I am currently doing a project where my team and I have to pick a dataset and apply some machine learning methods on it (SLR, MLR etc.), hence for me, I am doing logical regression. My dataset is related to the top hit songs on Spotify from 2010-2019, and I want to see how the duration and danceability of a song affects its popularity. Given that the popularity values is numerical, I have converted the popularity value of each song to binary values. Hence, the popularity value of a song will change to "0" if it is below 65, and "1" if it is above the value of 65. I then decided to plot a 2d logistic regression plot for two dimensions. The end result is that both the "0" and "1" values are all gathered in the same area, where they are supposed to be separated from each other and there should be a decision boundary at .5 showing.
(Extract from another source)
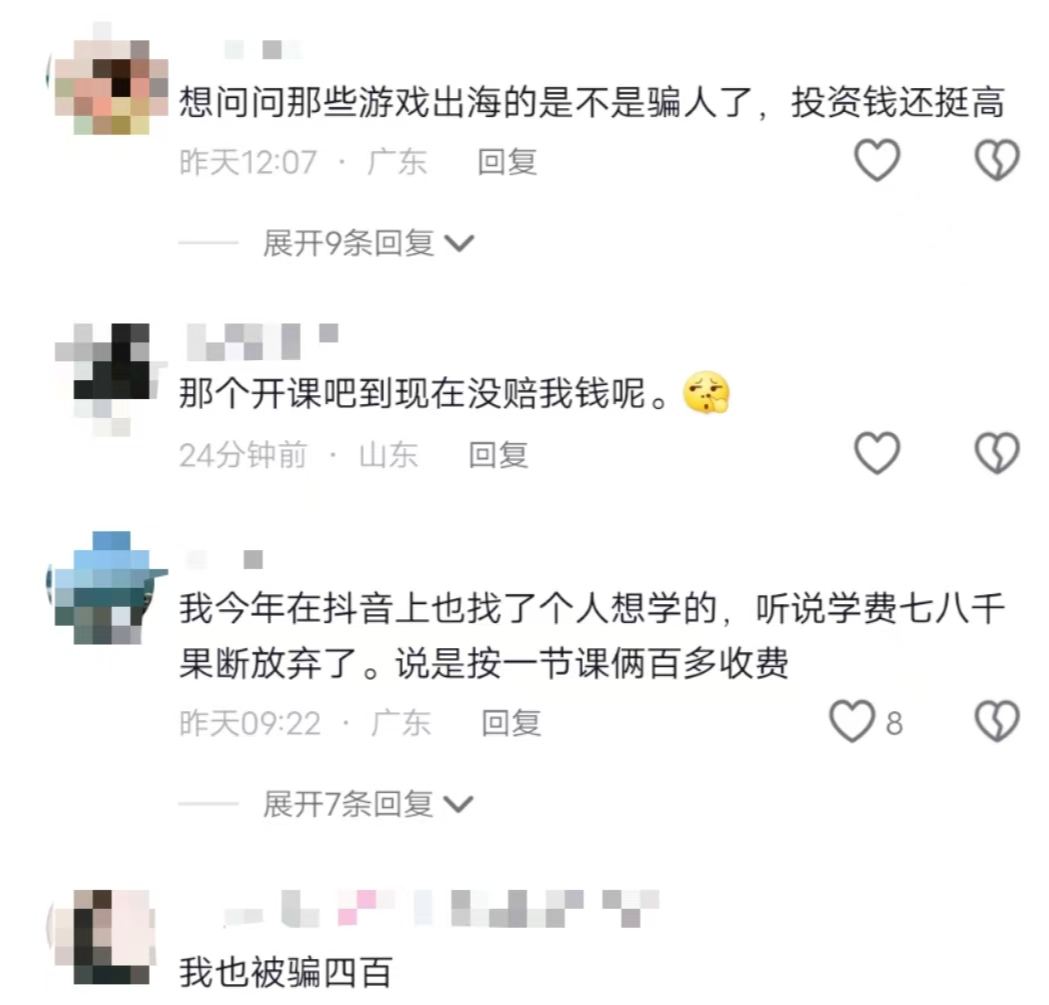 伤了多少孩子,他们为了就业付出金钱与努力,结果发现是骗局但凡能赚钱的,轮到他三姑六婆,七大姑八大姨,也轮不到你这个陌生人之前在大鹏报名学习影视后期,结果倒闭了,网站进不去,课也没学完

I just want to know what does this show about the relationship between the popularity of the songs and their duration and danceability respectively. Is this supposed to be normal or did i make a mistake?
%matplotlib inline
import numpy as np
import matplotlib.pyplot as plt
import pandas as pd
from sklearn.linear_model import LogisticRegression
df = pd.read_csv('top10s [SubtitleTools.com] (2).csv')
BPM = df.bpm
BPM = np.array(BPM)
Energy = df.nrgy
Energy = np.array(Energy)
dB = df.dB
dB = np.array(dB)
Live = df.live
Live = np.array(Live)
Valence = df.val
Valence = np.array(Valence)
Acous = df.acous
Acous = np.array(Acous)
Speech = df.spch
Speech = np.array(Speech)
def LogReg0732():
Dur = df.dur
Dur = np.array(Dur)
Dance = df.dnce
Dance = np.array(Dance)
Pop = df.popu
df.loc[df['popu'] <= 65, 'popu'] = 0
df.loc[df['popu'] > 65, 'popu'] = 1
Pop = np.array(Pop)
X = Dur
X = np.stack((X, Dance))
y = Pop
clf = LogisticRegression().fit(X.T, y)
print("Coef ", clf.intercept_, clf.coef_)
xx, yy = np.mgrid[np.min(Dur):np.max(Dur), np.min(Dance):np.max(Dance)]
gridxy = np.c_[xx.ravel(), yy.ravel()]
probs = clf.predict_proba(gridxy)[:,1].reshape(xx.shape)
f, ax = plt.subplots(figsize=(20,8))
contour = ax.contourf(xx, yy, probs, 25, cmap="BrBG", vmin=0, vmax=1)
ax_c = f.colorbar(contour)
ax_c.set_ticks([0, 1/4, 1/2, 3/4, 1])
idx = np.where(y==1); idx = np.reshape(idx,np.shape(idx)[1])
y1 = X[:,idx]
idx = np.where(y==0); idx = np.reshape(idx,np.shape(idx)[1])
y0 = X[:,idx]
ax.scatter(y1[0,:], y1[1,:], c='green')
ax.scatter(y0[0,:], y0[1,:], c='blue')
plt.xlabel('Danceability')
plt.ylabel('Duration')
plt.savefig('LR1.svg')
plt.show()
LogReg0732()